> **WORK ITEM**
Reproduce exactly the lines of this material that begin at the line with "部屋は2024年1月現在1室" and end at the line with "molho de cranberry", both included. Omit the pictures and everything else.

> **INFORMATION SUPPLIED**
◆ ◆ ◆ ◆

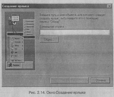 Еще один способ создания ярлыков на Рабочем столе основан на использовании специальной программы создания ярлыков, которая может быть запущена не только с панели каталога, но и непосредственно с Рабочего стола. Для этого следует выполнить команду Создать | Ярлык контекстного меню Рабочего стола (оно вызывается щелчком правой клавиши по свободному полю Рабочего стола).
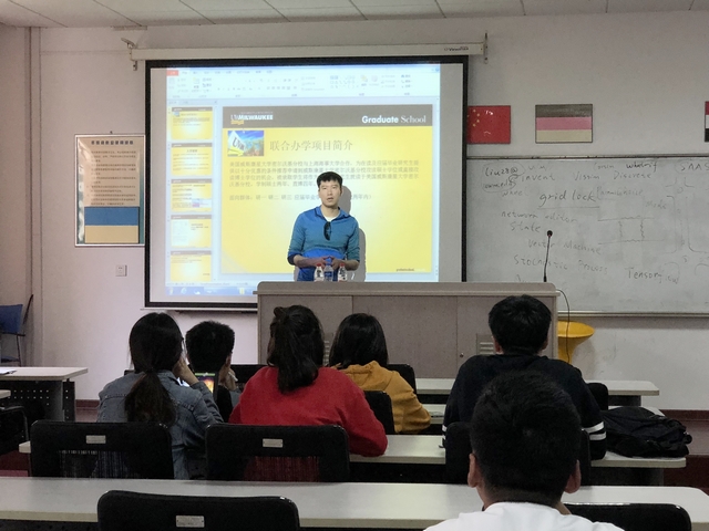 第二个环节,刘教授针对天博体育 与美国威斯康星大学密尔沃基分校研究生双学位联合培养项目,从报名要求、申请流程、课程及费用、职业规划等方面进行了详细介绍,鼓励同学们积极参与该项目,抓住机会,开拓视野,提升自我。
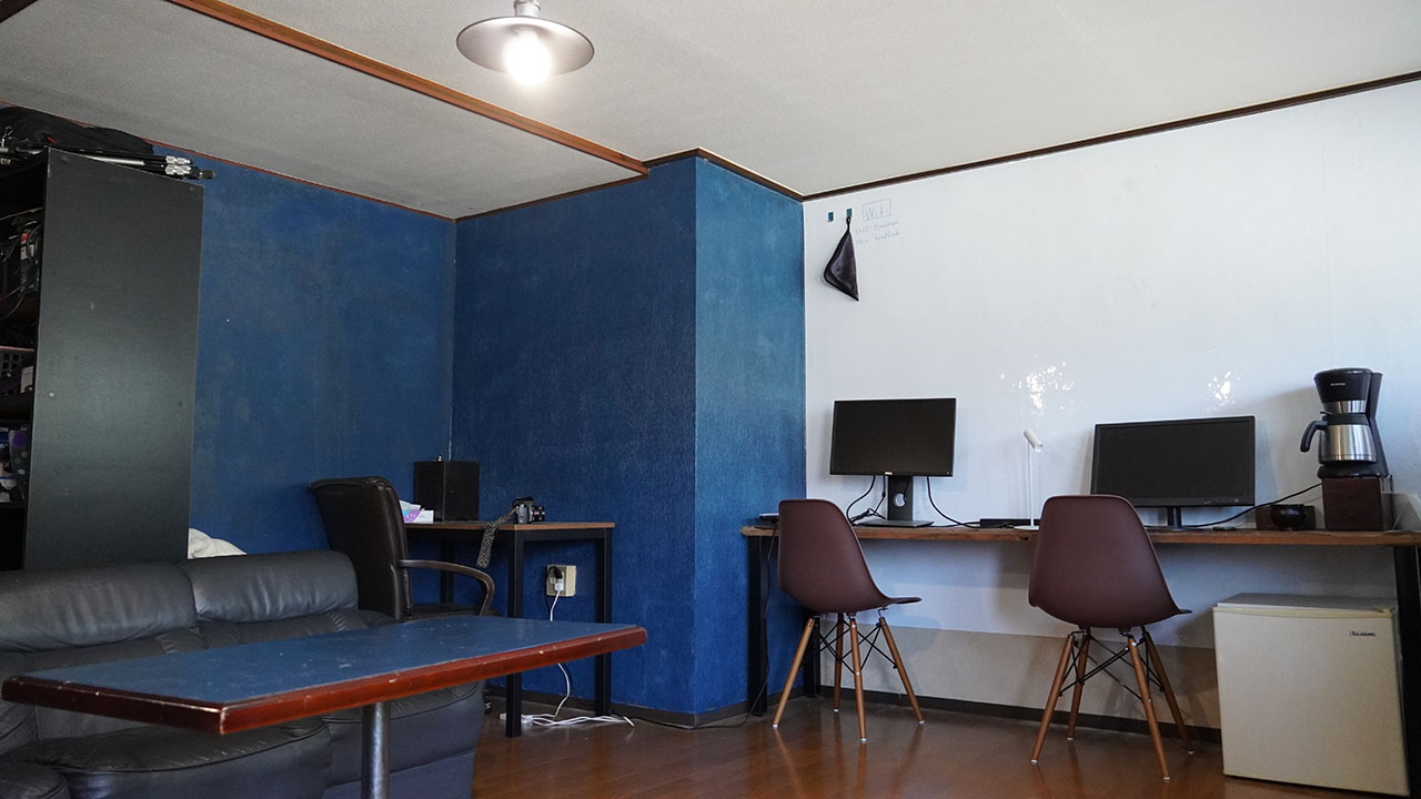 部屋は2024年1月現在1室のみ利用可能。少し手狭ですが、設備面では、モニター6台、A3プリンター、ウォーターサーバー、コーヒーマシンが完備されており、旅先での利用には十分な設備を提供しています。
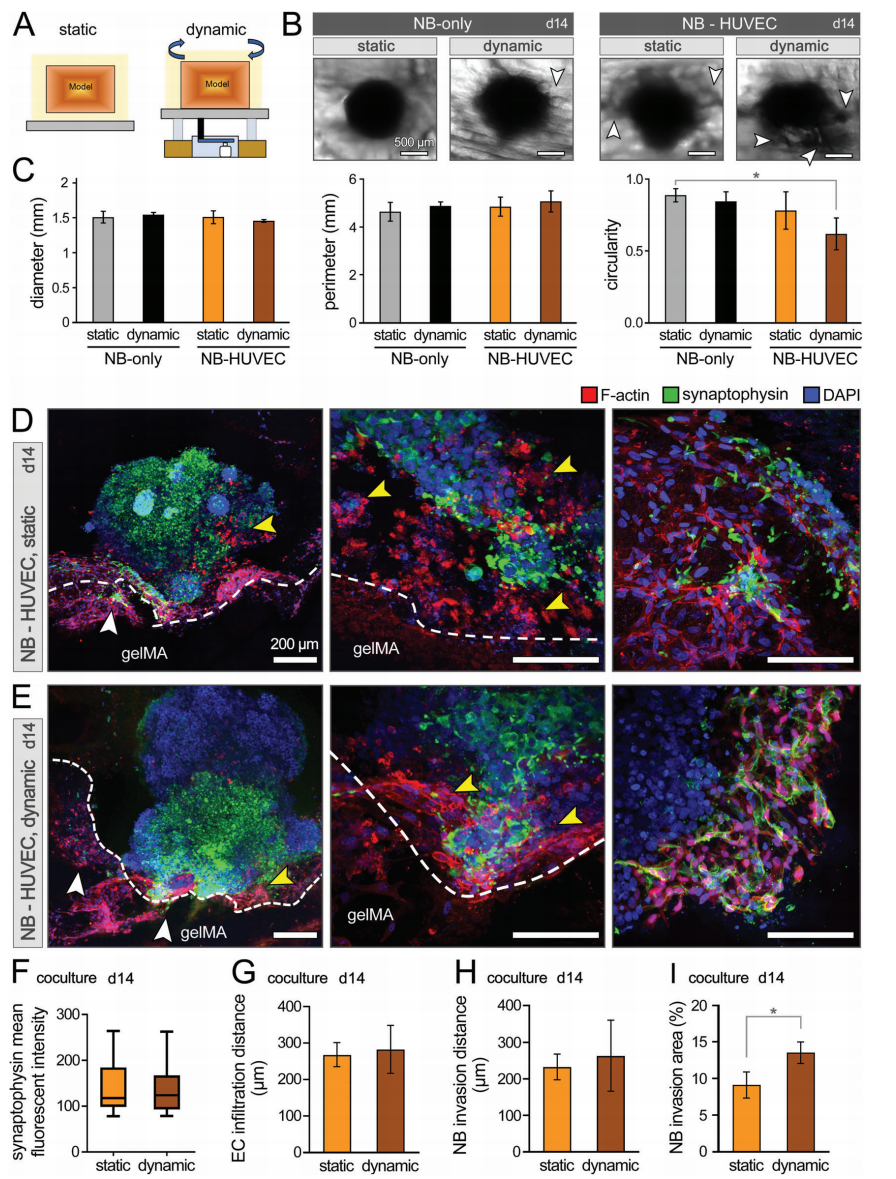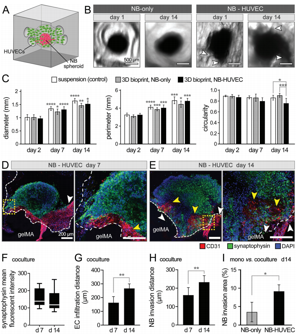 静态培养的NB-EC模型中球状体直径和周长持续增加,这与在培养基(对照组)或在没有HUVECs(纯NB,图5B)的结构中培养的球状体没有明显区别。考虑到三组中使用了一致的培养基成分,可以得出结论,ECs的加入并没有阻止NB的生长,但可能将球状体变成不对称的形状(图5B)。IHC分析证实,与单独培养的NB相比,生物打印共培养的NB细胞的迁移性和侵袭性更强(图3D-F)。共培养的NB在NB特异性突触蛋白的表达上没有明显的差异,这表明ECs没有引起负面影响(图5F)。NB细胞与HUVECs的共培养也明显增加了癌细胞对GelMA基质的侵袭程度(图5I)。
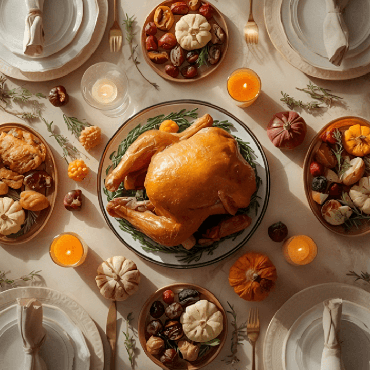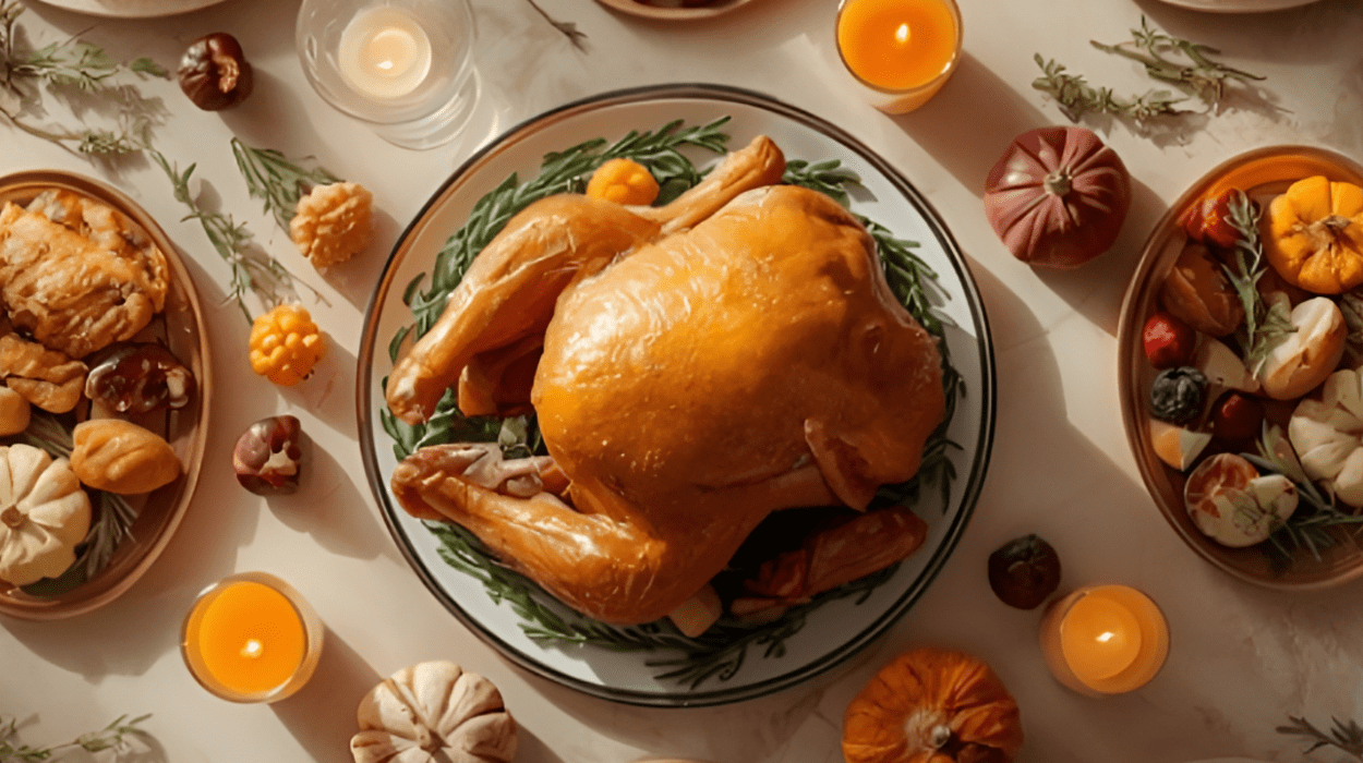 🍗 Pratos clássicos de Ação de Graças, como peru recheado e Beef Brisket ao molho de cranberry
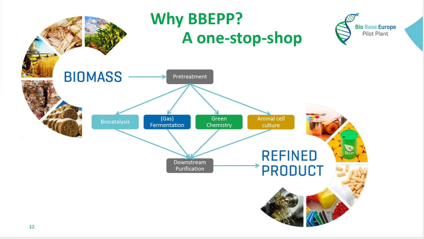 The presentation revolves around the biorefinery concept, with a particular focus on the utilization of aquatic biomass. It draws parallels between traditional oil refineries and biorefineries, highlighting the sustainable approach of using biomass as feedstock. Key Points: 1. Biorefinery Concept: Similar to traditional refineries, biorefineries process various forms of biomass instead of oil or fossil-based materials. This includes diverse sources of biomass, particularly underutilized aquatic biomass like algae. 2. Industrial Biotechnology (White Biotechnology): This field involves leveraging microorganisms or their components (such as bacteria, yeast, fungi) to produce industrial products, chemicals, materials, and fuels in a more sustainable manner than conventional chemical processes. 3. BBEPP – An Open Access Pilot Facility: The Bio Base Europe Pilot Plant (BBEPP) is presented as an independent open access pilot facility focusing on process development, scale-up, and custom manufacturing of bio-based products and processes. BBEPP helps bridge the lab-scale research to industrial production gap, known as the ‘valley of death’, by providing shared infrastructure to minimize risks and costs associated with scale-up. 4. Project CircAlgae: The presentation introduces the CircAlgae project, aiming to valorize industrial waste streams into high-value products and promote sustainable biorefineries in Europe. The project specifically targets underutilized biomass from aquatic sources to derive valuable ingredients for the food, feed, and cosmetics industries. 5. Technologies and Services: A range of technologies and services provided by BBEPP is showcased, including biocatalysis, fermentation, green chemistry, and more. The facility’s ability to convert various feedstocks, including aquatic biomass, into high-value products is emphasized. 6. Conclusion and Outreach: The presentation concludes by highlighting the facility’s contributions and inviting the audience to explore their YouTube channel for educational content about their work in biorefinery. In summary, the presentation sheds light on the potential of biorefineries to convert biomass, especially from aquatic sources, into a wide array of sustainable and high-value products. Facilities like BBEPP are instrumental in scaling up biotechnological innovations, fostering a more sustainable and bio-based economy.
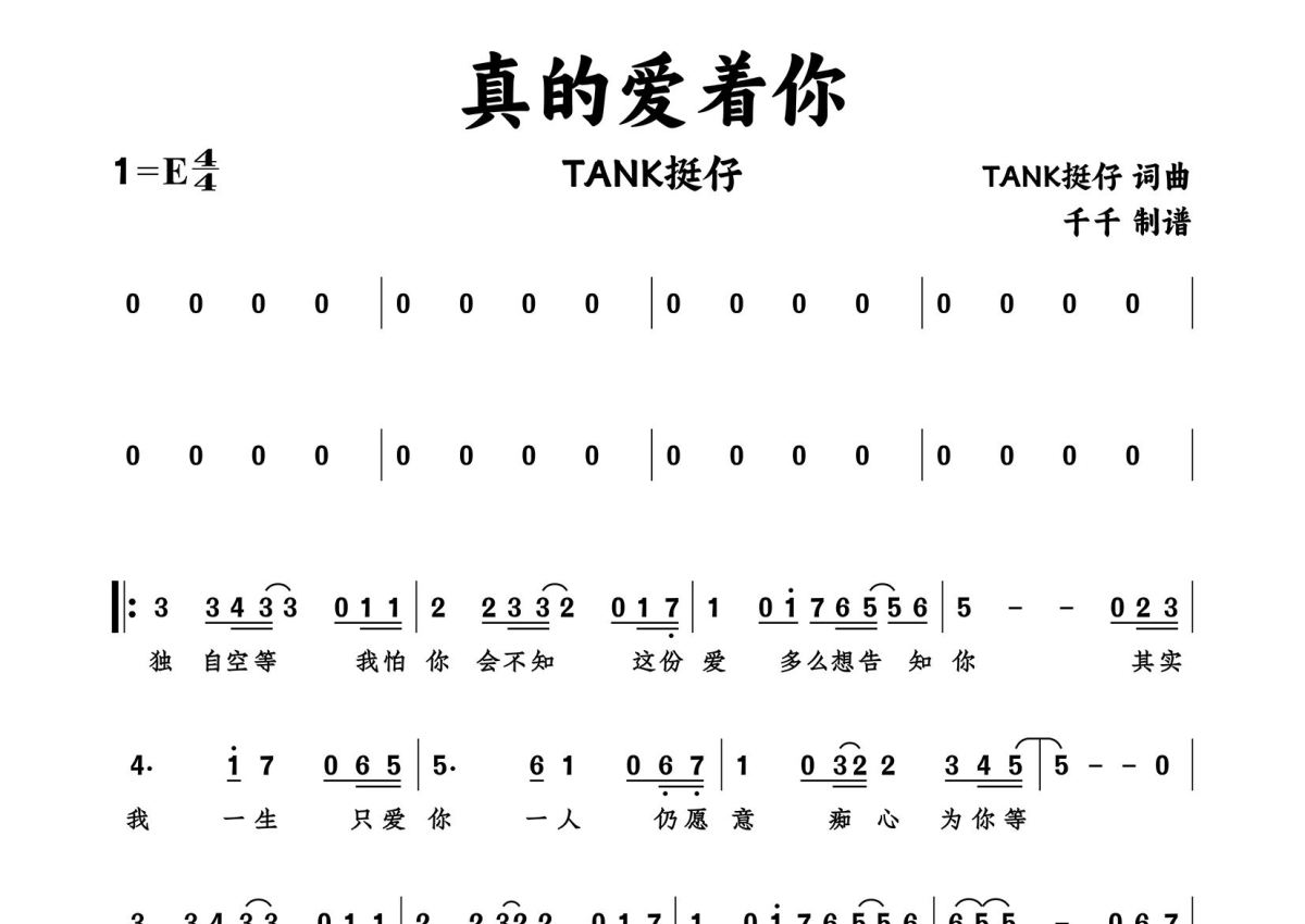 真的爱着你简谱 - TANK挺仔演唱

◆ ◆ ◆ ◆

> **OUTPUT FOR THIS TASK**
 部屋は2024年1月現在1室のみ利用可能。少し手狭ですが、設備面では、モニター6台、A3プリンター、ウォーターサーバー、コーヒーマシンが完備されており、旅先での利用には十分な設備を提供しています。
 静态培养的NB-EC模型中球状体直径和周长持续增加,这与在培养基(对照组)或在没有HUVECs(纯NB,图5B)的结构中培养的球状体没有明显区别。考虑到三组中使用了一致的培养基成分,可以得出结论,ECs的加入并没有阻止NB的生长,但可能将球状体变成不对称的形状(图5B)。IHC分析证实,与单独培养的NB相比,生物打印共培养的NB细胞的迁移性和侵袭性更强(图3D-F)。共培养的NB在NB特异性突触蛋白的表达上没有明显的差异,这表明ECs没有引起负面影响(图5F)。NB细胞与HUVECs的共培养也明显增加了癌细胞对GelMA基质的侵袭程度(图5I)。
 🍗 Pratos clássicos de Ação de Graças, como peru recheado e Beef Brisket ao molho de cranberry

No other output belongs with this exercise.